▶ [WHAT TO WORK ON]: With every picture left out, give the data below back exactly.

▶ [SUPPLIED INFORMATION]:

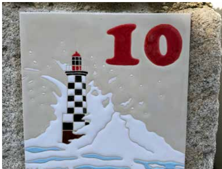
Husnummerskilt på Île Tudy.
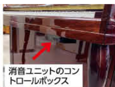
消音ユニットのコントロールボックス

「ご近所に配慮したい」「練習時間が夜になってしまう」などの悩みから、ご自宅のピアノにサイレント機能を付けたいという方が増えています。確かな技術で全国に展開するピアノ専門店「ピアノ百貨」では、消音ピアノに切り替える「消音ユニット取り付けサービス」を実施。取り付けだけで、ヘッドホン練習やスピーカー(別売)から音量調節もできます。標準取付料込みで、14万8,500円〜の特別価格。価格改定前の今がチャンスです。
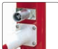
▲ DK (SIMPLEX)
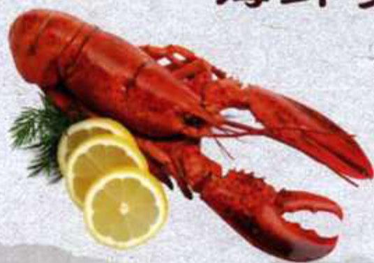
龙虾 S.Q Astice
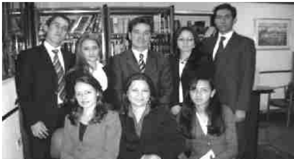
El Grupo Unipanamericano de Investigación Contable tiene como objetivo principal hacer un análisis de los diferentes cambios sustanciales y procedimentales propuestos al Estatuto Tributario Nacional.

Se presenta el proyecto como una reforma estructural al sistema tributario Colombiano su fundamento jurídico está sustentado en los principios de simplicidad (vuelco estructural al estatuto tributario), equidad (defensa de la equidad vertical y horizontal), competitividad (promover crecimiento y empleo formal) y estabilidad (defender la sostenibilidad fiscal y lograr un mayor grado de inversión).
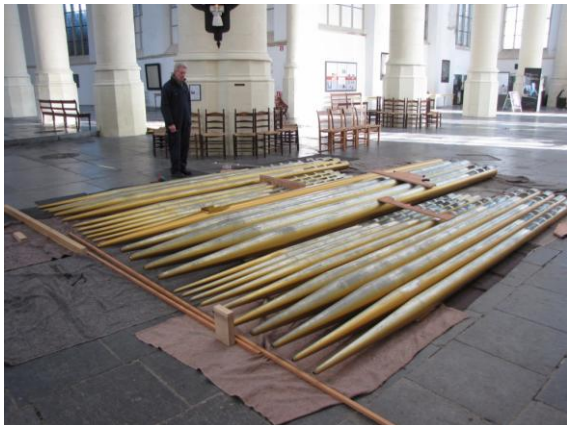
Deze pijpen worden morgen geplaatst
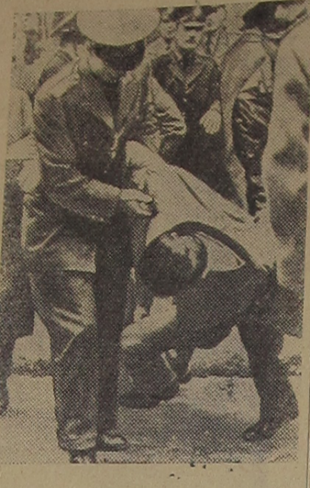
На снимке: полиция разгоняет демонстрантов.

Греция. Недавно студенты Афинского университета организовали демонстрацию в знак протеста против политики английского правительства в отношении Кипра. Во время разгона демонстрации полицией было ранено несколько человек.
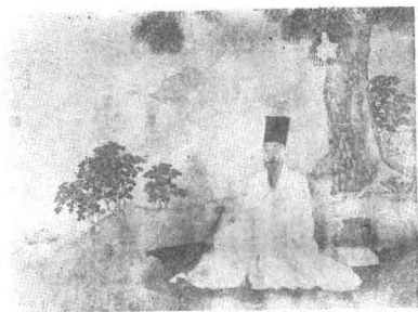
高攀龙画像 明代 (东林书院文保所藏)
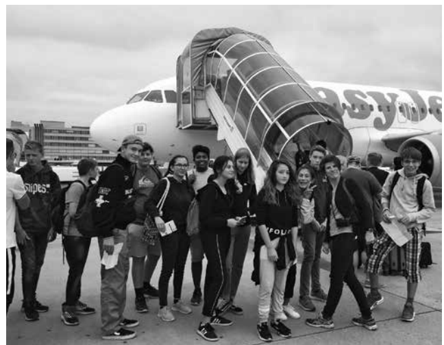
Vor dem Abflug nach Prag.

Die Schülerinnen und Schüler der 9. Realschulklasse 2018
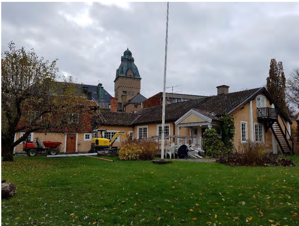
Figur 14. Trädgården sedd från nordöst hösten 2019.

▶ [YOUR RESPONSE]:
Husnummerskilt på Île Tudy.
消音ユニットのコントロールボックス

「ご近所に配慮したい」「練習時間が夜になってしまう」などの悩みから、ご自宅のピアノにサイレント機能を付けたいという方が増えています。確かな技術で全国に展開するピアノ専門店「ピアノ百貨」では、消音ピアノに切り替える「消音ユニット取り付けサービス」を実施。取り付けだけで、ヘッドホン練習やスピーカー(別売)から音量調節もできます。標準取付料込みで、14万8,500円〜の特別価格。価格改定前の今がチャンスです。
▲ DK (SIMPLEX)
龙虾 S.Q Astice
El Grupo Unipanamericano de Investigación Contable tiene como objetivo principal hacer un análisis de los diferentes cambios sustanciales y procedimentales propuestos al Estatuto Tributario Nacional.

Se presenta el proyecto como una reforma estructural al sistema tributario Colombiano su fundamento jurídico está sustentado en los principios de simplicidad (vuelco estructural al estatuto tributario), equidad (defensa de la equidad vertical y horizontal), competitividad (promover crecimiento y empleo formal) y estabilidad (defender la sostenibilidad fiscal y lograr un mayor grado de inversión).
Deze pijpen worden morgen geplaatst
На снимке: полиция разгоняет демонстрантов.

Греция. Недавно студенты Афинского университета организовали демонстрацию в знак протеста против политики английского правительства в отношении Кипра. Во время разгона демонстрации полицией было ранено несколько человек.
高攀龙画像 明代 (东林书院文保所藏)
Vor dem Abflug nach Prag.

Die Schülerinnen und Schüler der 9. Realschulklasse 2018
Figur 14. Trädgården sedd från nordöst hösten 2019.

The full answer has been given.